We measure the overhead introduced by DTrack in instrumenting dynamic allocations and deallocations, by comparing, for each of our benchmarks, the instruction counts executed both with and without instrumentation, to reach a specific point in the source code past initialization and including one to ten iterations of the top-level loop of the benchmark. This comparison shows that our instrumentation increases the instruction count of the benchmarks by a maximum of 0.3%.

#### 3.3 Full Application Simulation

After the front-end instruments a program's sources, we compile them in the normal manner using comon the alpha platform and simulate the resulting binary on sim-alpha. Details of the processor and memory configuration we simulate are presented in Table 1. The configuration we simulate is similar to the Alpha 21264 processor currently in the market. Previous research [15] has shown that, for a common program, an out-of-order processor provides a very different sequence of memory accesses to its caches, when compared to an in-order processor. We choose to performed detailed out-of-order simulation, so as to more accurately model the behavior of our benchmarks on contemporary computer systems. We modify the simulator to correctly process the instrumentation provided by the front-end, and to correctly classify all memory accesses based on them. Classifying all loads and stores in this manner and keeping track of statistics on a data structure basis slows down the simulation by an average of 60%.

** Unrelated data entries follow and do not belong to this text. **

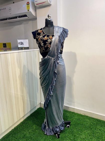 - For those who want zero hassle, my ready to wear ethnic gowns and pre-draped ruffled sarees are a hit. The saree comes with a contrasting floral blouse, so you don’t have to worry about matching.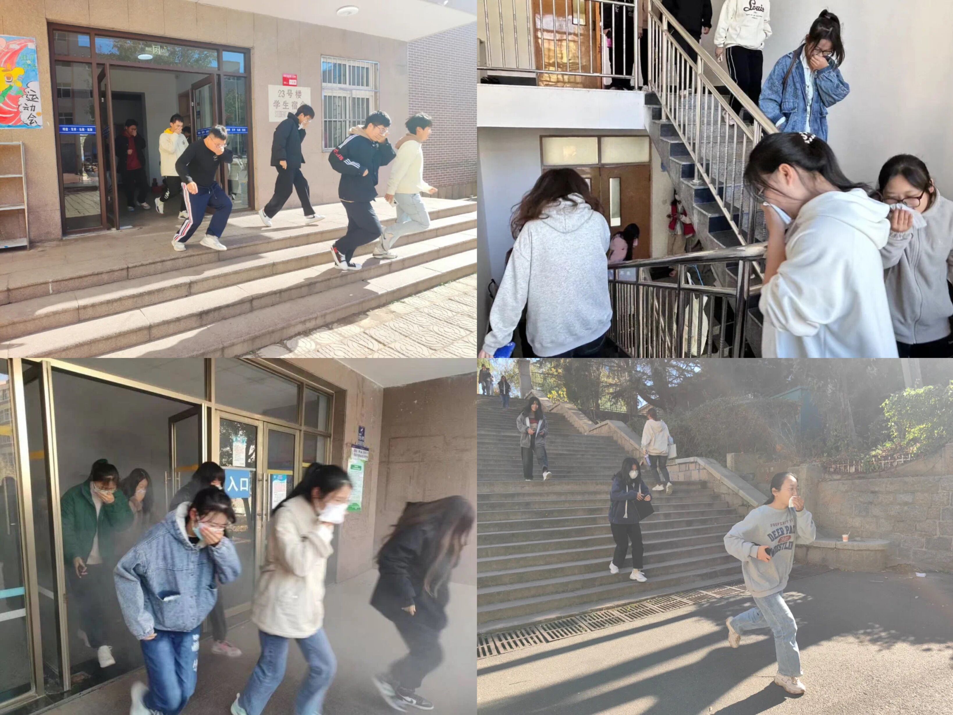 为确保演练工作快速高效有序进行,学院成立了专门的领导小组和现场指挥小组,并制定了安全、科学的演练方案和应急预案,学工办通过召开专题会议对演练的程序、内容、时间、纪律要求以及疏散路线等进行了安排部署。下午13时许,随着警报声响,疏散演练正式开始。各班同学在老师们和志愿者的指挥下,规范逃生动作,用湿毛巾捂住口鼻、弯腰小步,按照预定路线有序疏散到小五四广场的安全地带。在全体师生的默契配合下,整个疏散过程忙而不乱、井然有序,同学们安全、快速、有序撤离,达到了预期效果。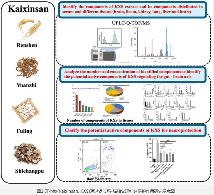人參皂苷Ro作為開心散(Kaixinsan, KXS)的重要活性成分,通過調(diào)節(jié)腸-腦軸實現(xiàn)神經(jīng)保護作用。為KXS在防治阿爾茨海默病、抑郁癥等神經(jīng)退行性疾病中的應用提供了理論依據(jù)。[7]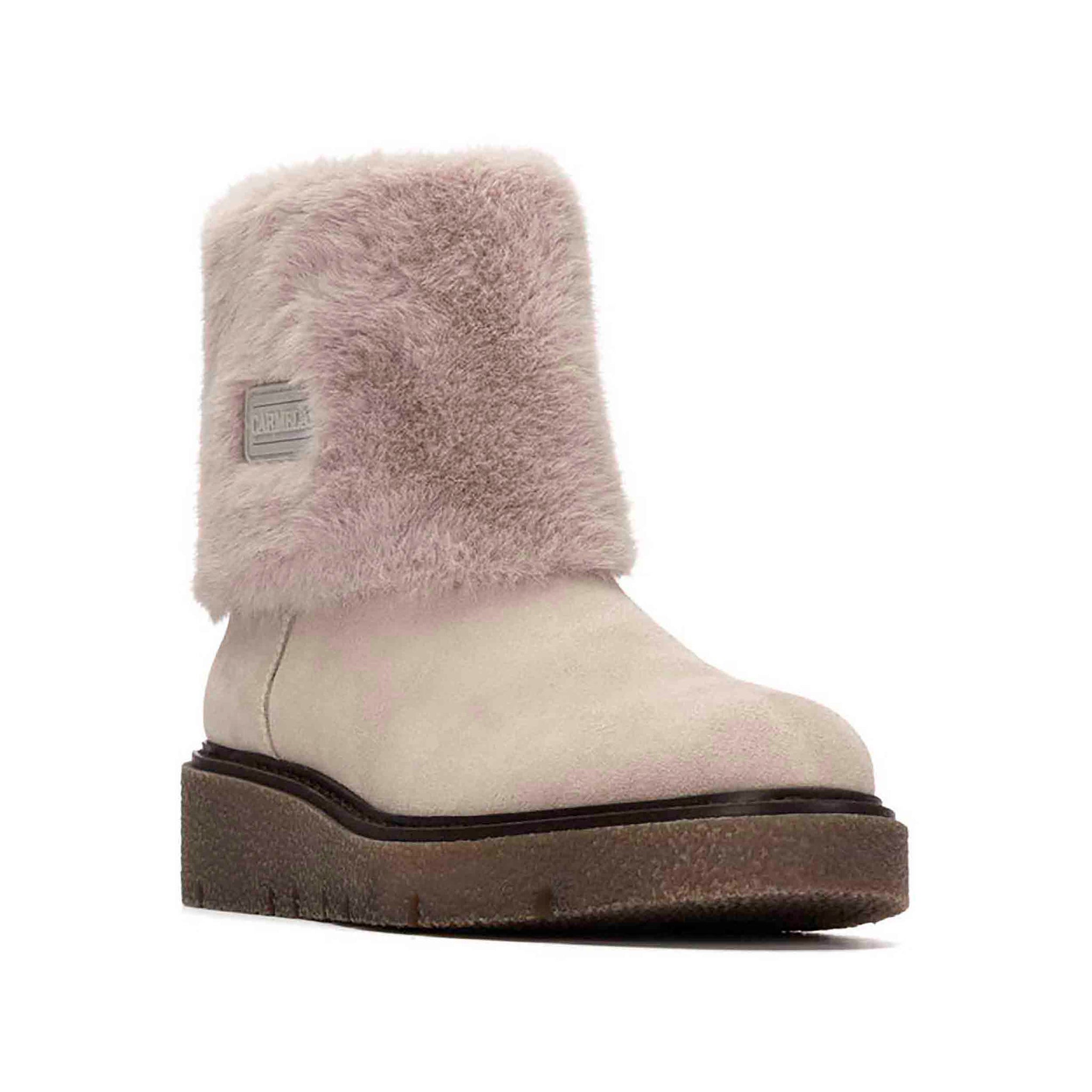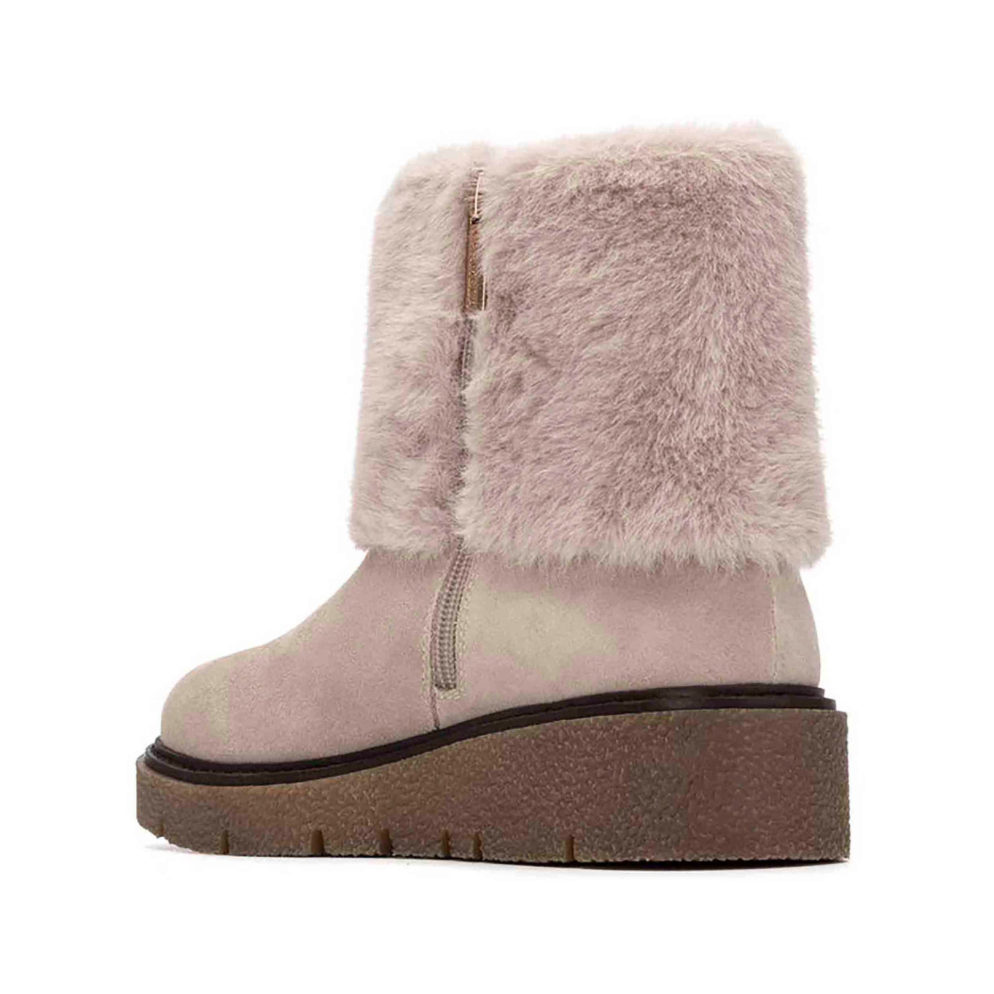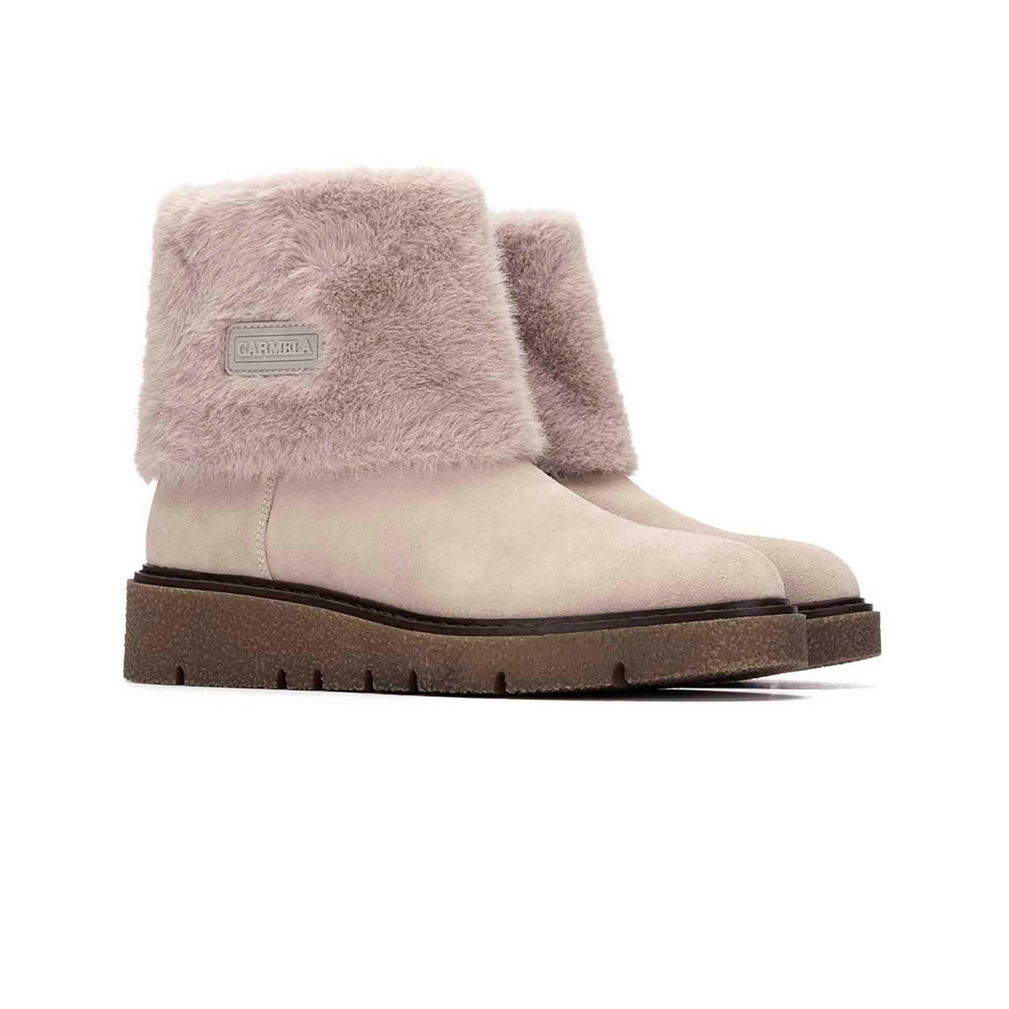 Está confeccionado en suave serraje, lo que aporta un tacto agradable y un acabado natural que combina fácilmente con distintos estilos. Incorpora un cierre mediante cremallera interna, que permite calzarlo con comodidad y mantiene la estética limpia del botín.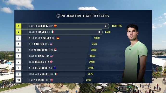 本站过后,ATP年终总决赛的积分也已经更新,阿尔卡拉斯和辛纳锁定年终总决赛名额。前8名入围年终总决赛,德约科维奇目前排在第五,鲁德和穆塞蒂要为总决赛名额发起冲击。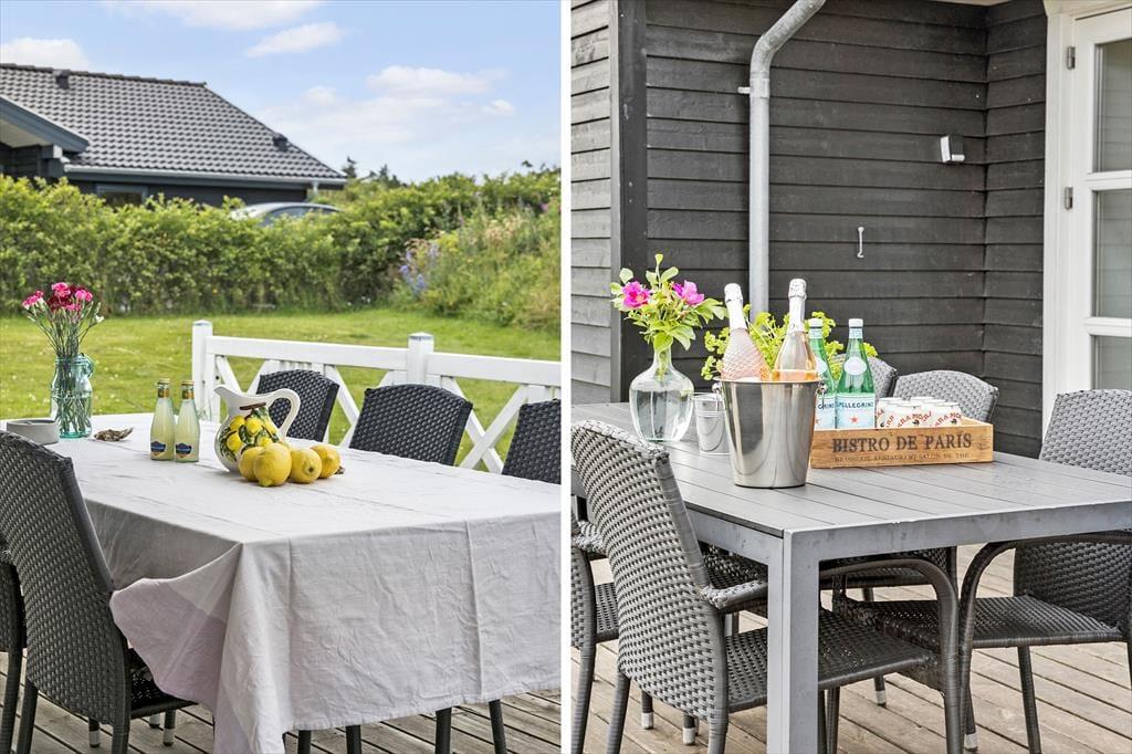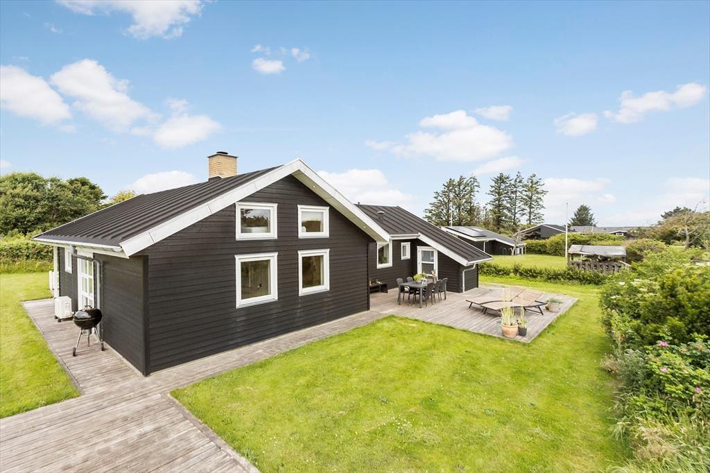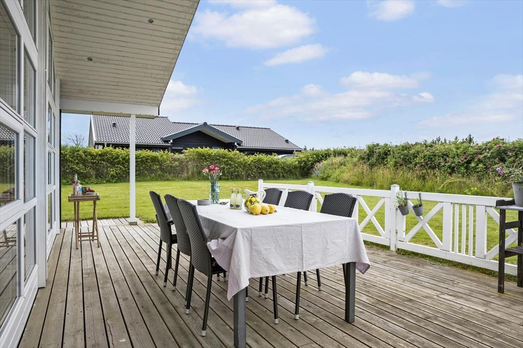 Sommerhuset ligger på en flot havegrund med en dejlig græsplæne, hvor der er masser af plads til at lege, spille og løbe rundt. Der er terrasser rundt om en stor del af huset og en dejlig overdækket del med udgang fra stuen, hvor man kan nyde de lange, lune sommeraftener. Grill, gode havemøbler og liggestole er til rådighed for gæsterne.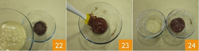 At this point, while it is still very hot, transfer half of it (about 165 g) to the bowl with the chocolate 22 and mix with a spatula until the chocolate is completely melted 23. If during straining the cream has cooled down, heat it in the microwave for a few seconds. Cover both creams with plastic wrap 24 and let them cool in the refrigerator.

In order to capture the important phase behavior in our benchmarks, we simulate them for 40 billion instructions each from the start. This large simulation effort is required to obtain accurate and comprehensive results on the phase behavior of these programs. Sherwood et al. [18, 17] recently developed a tool called SimPoint that breaks up a program's execution into slices, clusters execution slices on the basis of a code similarity metric, and predicts the slice in each cluster that is most representative with respect to the miss-rates and IPC (instructions per clock cycle). Simulating a small number of thin slices of the whole program and weighting them appropriately provides results with very low error. While this methodology has been validated with respect to aggregate statistics, it is not clear how much error it introduces when studying phase behavior. We choose, for this reason, to simulate large parts of the execution of all our benchmarks. To ensure that the first 40 billion

| Feature                               | Size/Value                                |  |  |  |
|---------------------------------------|-------------------------------------------|--|--|--|
| Out-of-order Processor                |                                           |  |  |  |
| Fetch width                           | 4                                         |  |  |  |
| Decode width                          | 4                                         |  |  |  |
| Issue width                           | 4                                         |  |  |  |
| Int ALUs                              | 4                                         |  |  |  |
| Int multipliers                       | 4                                         |  |  |  |
| FP ALUs                               | 1                                         |  |  |  |
| FP multipliers                        | 1                                         |  |  |  |
| Branch predictor                      | Tournament, 1 KB x 1 KB local,            |  |  |  |
|                                       | 4 KB global, 4 KB choice                  |  |  |  |
| Memory Hierarchy                      |                                           |  |  |  |
| Level 1 Data Cache (DL1)              | 64 KB, blocksize 64 bytes, 2-way          |  |  |  |
| DL1 latency                           | 3 cycles                                  |  |  |  |
| Level 1 Instruction Cache (IL1)       | 64 KB, blocksize 64 bytes, 2-way          |  |  |  |
| IL1 latency                           | 1 cycle                                   |  |  |  |
| Unified Level 2 Cache (L2)            | 512 KB, blocksize 64 bytes, direct-mapped |  |  |  |
| L2 latency                            | 12 cycles                                 |  |  |  |
| Translation Look-aside Buffers (TLBs) | 128 entries                               |  |  |  |
| Latency to DRAM                       | 62 cycles                                 |  |  |  |

Table 1: Details of the simulated processor and memory hierarchy.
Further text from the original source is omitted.